The first monkeys to survive the spaceflight were Able and Baker who were sent to space aboard the Jupiter-IRBM AM-18. On May 28, 1959, the spaceship was launched with a seven pounds American-born rhesus-monkey called Able and an 11-ounce squirrel monkey called Baker. Able and Baker were positioned in the nose cone part of the Jupiter-IRBM AM-18 which ascended to an altitude of 360 miles at a speed of 10,000 mph. These monkeys survived forces about 38 times more than the force of gravity and were weightless for approximately nine minutes. Although the monkeys survived, Able died four days later from a reaction caused by the anesthesia used when the doctors were extracting the infected electrodes from his body. Baker managed to live until November 29, 1984, and was in the media for months after the flight. Baker was closely monitored by her doctors who were keen to find out if she experienced any side-effect; she was even mated just to confirm if her reproductive system was still working.

5. Ham (chimpanzee) - January 31, 1961

Ham was launched to space on January 31, 1961 in a Mercury capsule of a Redstone rocket. Ham was trained on how to avoid an electric shock and also pull the lever anytime he wanted to receive banana pellet rewards. The flight demonstrated his ability to do numerous tasks during the spaceflight, and his mission was the Mercury-Redstone 2. The United States finally sent another chimp called Enos to the orbit successfully on November 29, 1961.

4. Veterok & Ugolyok (dogs) - February 22, 1966

During the Voskhod project (the second Russian human spaceflight project), the Soviet Union launched two dogs to space on February 22, 1966, on the Cosmos 110 where the dogs spent twenty-two days before landing on March 16, 1966. Human beings did not surpass the record set by the two Russian dogs until the Soyuz-11 in 1971.

3. Tortoises - September 14, 1968

The Soviet Union launched the first tortoises to space on September 14, 1968, onboard Zond 5. These tortoises were launched on a circum-lunar voyager with mealworms and wine flies among other biological specimens. These were the first Earth inhabitants in deep space and the first ones to travel around the moon. The capsule carrying these animals over-shot its landing site, but it was successfully recovered on September 21, 1968. The tortoises and all the biological specimens onboard survived, but they had lost some weight.

2. Tortoises - November 17, 1975

The Soviet Union launched numerous Bion missions with numerous biological cargoes on the satellites. On some of these missions, the Russians launched Mummichogs, rats, and tortoises. The Soyuz 20 which was launched on November 17, 1975, had some tortoises onboard. These tortoises set a new record of the animals in space when they spent about ninety and a half days in space.

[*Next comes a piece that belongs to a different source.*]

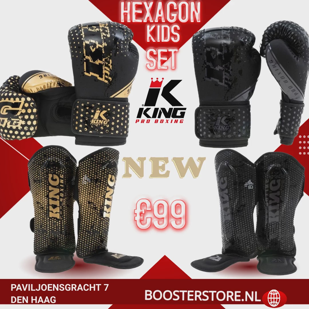 Maak kennis met de 'Hexagon Series' bokshandschoenen van King Pro Boxing, ontworpen voor beoefenaars van alle niveaus en geschikt voor boksen, MMA, kickboksen en Muay Thai. King hexagon kinder bokshandschoenen hebben een opvallend ontwerp met het iconische 'King Pro Boxing' logo, waardoor je uitrusting er stijlvol uitziet. King hexagon kinder bokshandschoenen zijn verkrijgbaar in zwart & goud, zodat je de handschoenen kunt kiezen die het beste bij jouw smaak passen. De klittenbandsluiting met haak-en-lus systeem zorgt voor een perfecte en veilige pasvorm, waardoor de handschoenen tijdens trainingen goed blijven zitten. Met professionele, meerlaagse schuimvulling bieden deze handschoenen optimale schokabsorptie, waardoor je handen beschermd worden en het risico op blessures tijdens intensieve trainingen vermindert. King hexagon kinder bokshandschoenen hebben extra vulling op de handpalm en pols zorgt voor extra ondersteuning en bescherming, waardoor je krachtige stoten kunt uitdelen met vertrouwen. Gemaakt van hoogwaardig synthetisch leer, zijn deze handschoenen duurzaam en gaan ze lang mee. Het synthetische leren buitenwerk verhoogt niet alleen de levensduur van de handschoenen, maar maakt ze ook gemakkelijk schoon te maken en te onderhouden. Veiligheid staat voorop, daarom hebben deze handschoenen een aangehechte duim om het risico op duimblessures te minimaliseren. Kortom, de 'Hexago Series' bokshandschoenen van King Pro Boxing zijn de ideale keuze voor beoefenaars van boksen, MMA, kickboksen en Muay Thai. King hexagon kinder bokshandschoenen met hun professionele meerlaagse schuimvulling, extra vulling op de handpalm en pols, veilige klittenbandsluiting, aangehechte duim en hoogwaardige synthetische leren constructie, bieden deze handschoenen de perfecte combinatie van veiligheid, duurzaamheid en betaalbaarheid. Rust jezelf uit met het beste en verbeter je prestaties in vechtsporten.
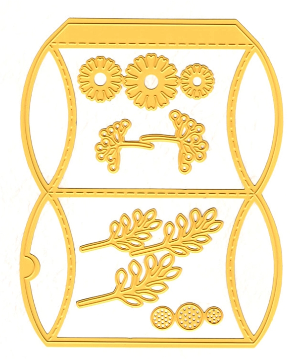 This set includes 5 cutting dies to make a pillow box box of 9 x 6,5 x 1,2 cm. This pillow box features 4 cutting dies to decorate your box with flowers and leaves. Nellie's Choice dies are compatible with die-cutting machines from most brands. They are lightweight, sturdy, and made from high-quality steel, ensuring you can enjoy them for years. Nellie's Choice wrapping dies are available for various giftboxes with fun Easter patterns, flower decorations and unique shapes.

1. Tardigrades & Cockroaches - September 14, 2007

During the FOTON-M3’s mission, the European Space Agency launched tardigrades (water-bears) to space on September 14, 2007. The water-bears were able to survive ten days of direct exposure to open space with nothing but their natural protection. The FOTON-M3 also carried some cockroaches inside a sealed container. The mission was successful, in fact one of the female cockroaches conceived while in space. After the cockroaches returned to Earth the female cockroach named Nadezhda became the first creature from planet Earth to produce a young one while in orbit.